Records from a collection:
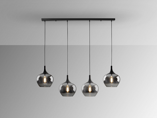 Подвесной светильник Opaz арт. 614245 с четырьмя большими каплевидными плафонами из зеркально- дымчатого стекла. Потолочное основание- прямоугольная планка с отделкой матового черного цвета. Высоту подвешивания каждого подвеса диаметром 19 см можно по желанию регулировать. Лампочки: 4 шт E27 LED max 20W.
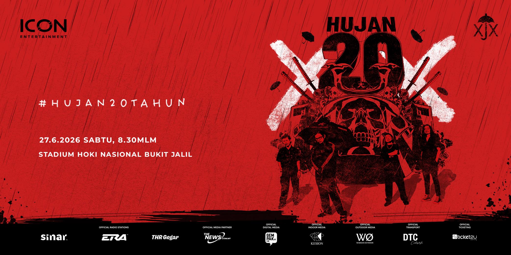 ⚡️ RASMI! Info penuh buat Raingers & semua yang ternanti nanti!⚡️Jom Kita Riot!! ☔️HUJAN XX : #HUJAN20TAHUNTarikh: 27 Jun 2026, SabtuMasa: 8.30 malamLokasi: Stadium Hoki Nasional Bukit JalilUlangTahun ke 20 @hujanband
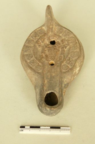 serbatoio rotondo, becco a canale allungato, ben distinto dal corpo e con tracce di riduzione, ansa piena e triangolare che divide la decorazione di spalla in due fasce racchiuse tra due piccoli bordi, ciascuna con quattro croci monogrammatiche che si alternano a quattro losanghe. Sul disco, piccolo e concavo, a due infundibula, sono rappresentati due putti che portano un grappolo d'uva. Il fondo, ad anello rilevato, è collegato all'ansa da una nervatura in rilievo. Argilla bruna.
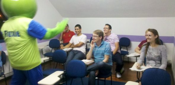 Para animar ainda mais o pessoal o Fluxie mascote resolveu dar uma passadinha nas salas de aula! Ele aproveitou para brincar um pouco com os alunos e deixar todos em ponto de bala para fazer a prova!
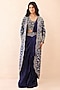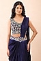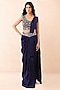 Indigo Dupion Silk & Crinkle Hand Embroidered Jacket Draped Saree Set
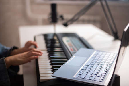 Close-up of female hands on the electric piano. A woman is learning to play the synthesizer on a laptop
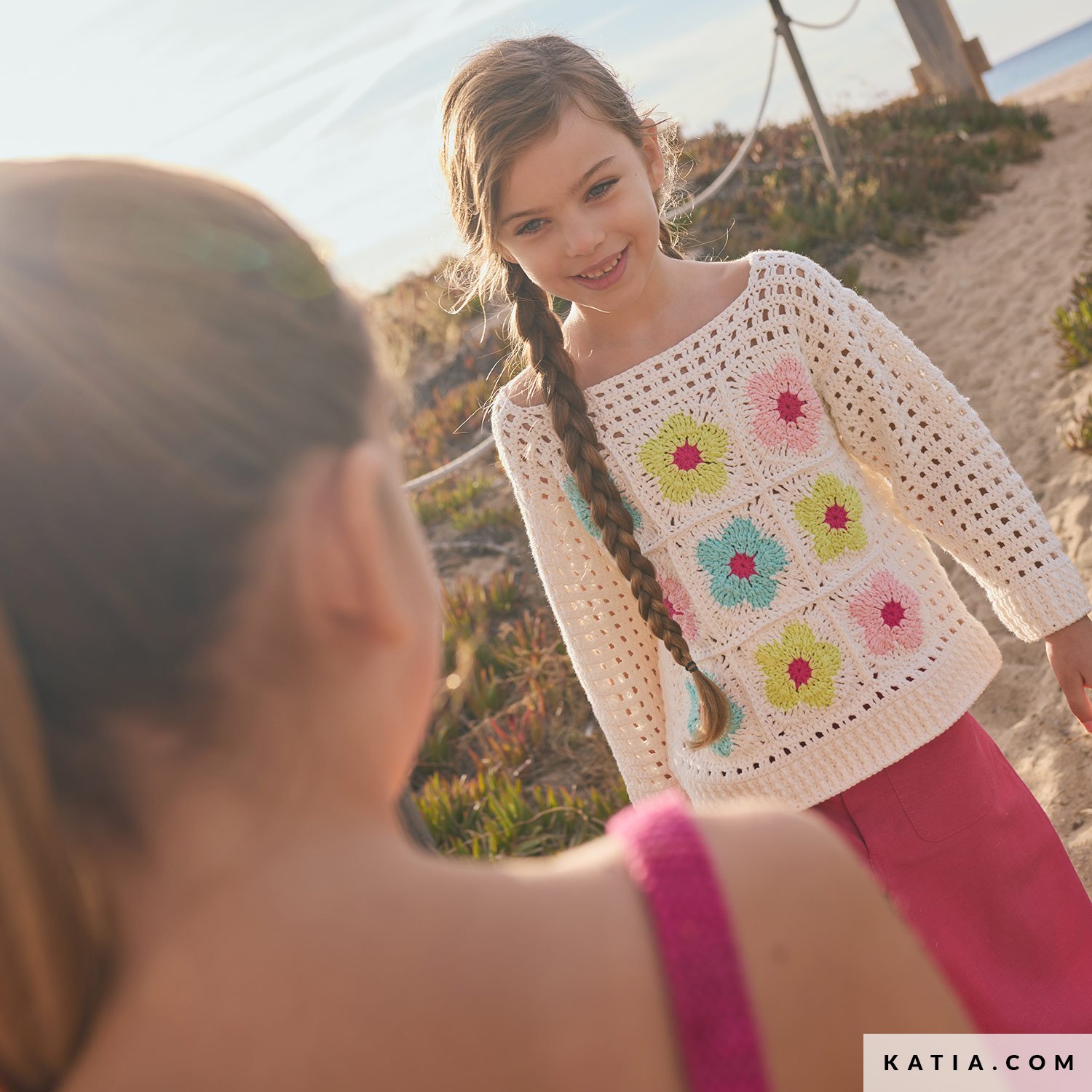 Un maglione all’uncinetto pieno di colore per bambine, lavorato con Katia Cotton 100%, un cotone morbido e opaco perfetto per pelli sensibili. Il davanti unisce quadrati granny a fiori multicolore su sfondo écru e il resto del corpo presenta un punto traforato leggero. Disponibile sulla rivista Katia Niños 117 e in PDF su katia.com. Lavora all’uncinetto un capo comodo e divertente per questa estate.
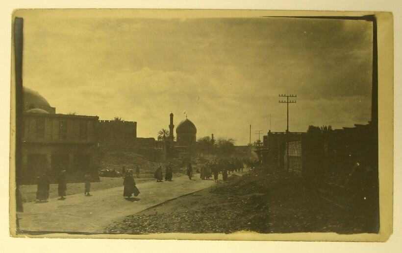 Black and white photograph, dating from World War I, showing people walking down a road in Baghdad.
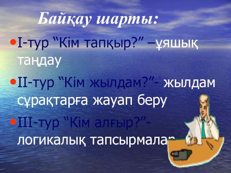 Байқау шарты:І-тур “Кім тапқыр?” –ұяшық таңдауІІ-тур “Кім жылдам?”- жылдам сұрақтарға жауап беруІІІ-тур “Кім алғыр?”-
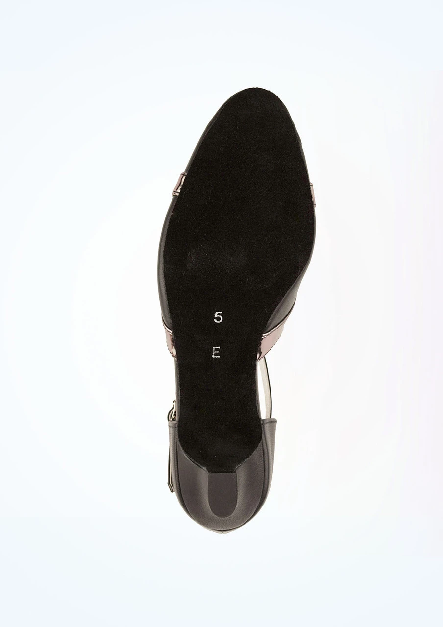 A simple yet stylish new Dancesteps ballroom shoe from Freed of London. This elegant dance shoe featuring a closed toe and T-Bar strap design helps stability of the foot when dancing. Made with a padded insole and flexible sole, ideal for practice of performances.
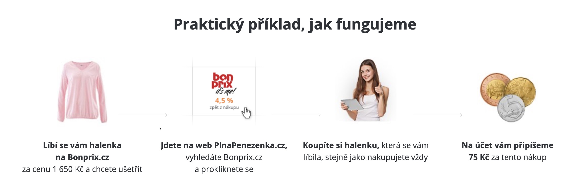 PlnáPeněženka není úplně tak aplikace, jako spíše služba – avšak i přesto vám dokáže ušetřit mnoho peněz. Pokud si vytvoříte účet ve službě PlnáPeněženka, můžete využít tzv. cashbacků. Cashback označuje, jak už název napovídá, „peníze zpět“. Pokud ve vybraných obchodech tedy nakoupíte pomocí odkazu od služby PlnáPeněženka, tak se vám po nákupu vrátí nějaké peníze nazpět. Jakmile si nastřádáte dostatek peněz, tak si je můžete ze svého účtu vybrat a převést na svůj osobní bankovní účet. V některých případech dokáže plnáPeněženka ušetřit až 25 %, avšak většinou má cashback hodnotu několik desítek procent. Uživatelé ji využívají především při platbách na AliExpressu.

### DIRECTIONS:
Would you please set down the data above again exactly, without its pictures?

### SOLUTION TO THIS TASK:
 Подвесной светильник Opaz арт. 614245 с четырьмя большими каплевидными плафонами из зеркально- дымчатого стекла. Потолочное основание- прямоугольная планка с отделкой матового черного цвета. Высоту подвешивания каждого подвеса диаметром 19 см можно по желанию регулировать. Лампочки: 4 шт E27 LED max 20W.
 ⚡️ RASMI! Info penuh buat Raingers & semua yang ternanti nanti!⚡️Jom Kita Riot!! ☔️HUJAN XX : #HUJAN20TAHUNTarikh: 27 Jun 2026, SabtuMasa: 8.30 malamLokasi: Stadium Hoki Nasional Bukit JalilUlangTahun ke 20 @hujanband
 serbatoio rotondo, becco a canale allungato, ben distinto dal corpo e con tracce di riduzione, ansa piena e triangolare che divide la decorazione di spalla in due fasce racchiuse tra due piccoli bordi, ciascuna con quattro croci monogrammatiche che si alternano a quattro losanghe. Sul disco, piccolo e concavo, a due infundibula, sono rappresentati due putti che portano un grappolo d'uva. Il fondo, ad anello rilevato, è collegato all'ansa da una nervatura in rilievo. Argilla bruna.
 Para animar ainda mais o pessoal o Fluxie mascote resolveu dar uma passadinha nas salas de aula! Ele aproveitou para brincar um pouco com os alunos e deixar todos em ponto de bala para fazer a prova!
 Indigo Dupion Silk & Crinkle Hand Embroidered Jacket Draped Saree Set
 Close-up of female hands on the electric piano. A woman is learning to play the synthesizer on a laptop
 Un maglione all’uncinetto pieno di colore per bambine, lavorato con Katia Cotton 100%, un cotone morbido e opaco perfetto per pelli sensibili. Il davanti unisce quadrati granny a fiori multicolore su sfondo écru e il resto del corpo presenta un punto traforato leggero. Disponibile sulla rivista Katia Niños 117 e in PDF su katia.com. Lavora all’uncinetto un capo comodo e divertente per questa estate.
 Black and white photograph, dating from World War I, showing people walking down a road in Baghdad.
 Байқау шарты:І-тур “Кім тапқыр?” –ұяшық таңдауІІ-тур “Кім жылдам?”- жылдам сұрақтарға жауап беруІІІ-тур “Кім алғыр?”-
 A simple yet stylish new Dancesteps ballroom shoe from Freed of London. This elegant dance shoe featuring a closed toe and T-Bar strap design helps stability of the foot when dancing. Made with a padded insole and flexible sole, ideal for practice of performances.
 PlnáPeněženka není úplně tak aplikace, jako spíše služba – avšak i přesto vám dokáže ušetřit mnoho peněz. Pokud si vytvoříte účet ve službě PlnáPeněženka, můžete využít tzv. cashbacků. Cashback označuje, jak už název napovídá, „peníze zpět“. Pokud ve vybraných obchodech tedy nakoupíte pomocí odkazu od služby PlnáPeněženka, tak se vám po nákupu vrátí nějaké peníze nazpět. Jakmile si nastřádáte dostatek peněz, tak si je můžete ze svého účtu vybrat a převést na svůj osobní bankovní účet. V některých případech dokáže plnáPeněženka ušetřit až 25 %, avšak většinou má cashback hodnotu několik desítek procent. Uživatelé ji využívají především při platbách na AliExpressu.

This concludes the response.